» **Information shown**:
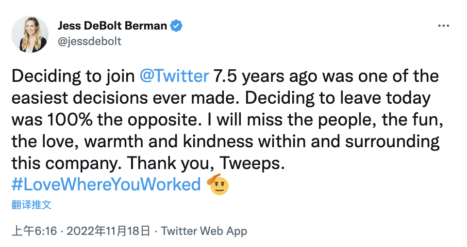 已有員工公開表示自己選擇離職。一名推特員工表示,“7年半前加入推特是我做過的最容易的決定之一,而離開則完全相反。我會想念這裏的人、樂趣、愛、温暖和善意。”
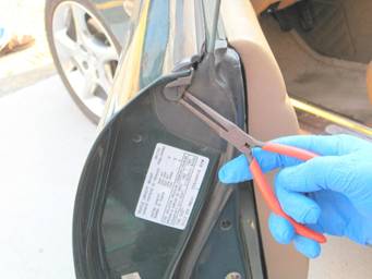 Carefully pull up the outer rubber lip of the molding and locate the rear-most clip. Push in the center ‘tang’ of the clip and it will release from the slot in the door.
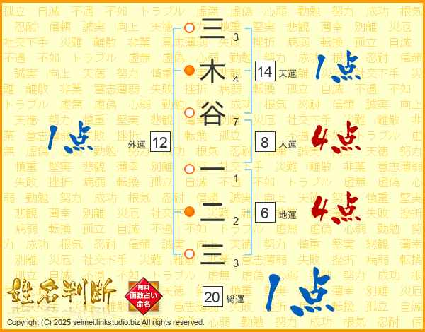 三木谷一二三さんの総運は20画の1点!

» **Exercise details**:
Retype, word for word, the line containing "Carefully pull up" and each line after it through the end of the data, leaving any picture out.

» **Completed exercise**:
 Carefully pull up the outer rubber lip of the molding and locate the rear-most clip. Push in the center ‘tang’ of the clip and it will release from the slot in the door.
 三木谷一二三さんの総運は20画の1点!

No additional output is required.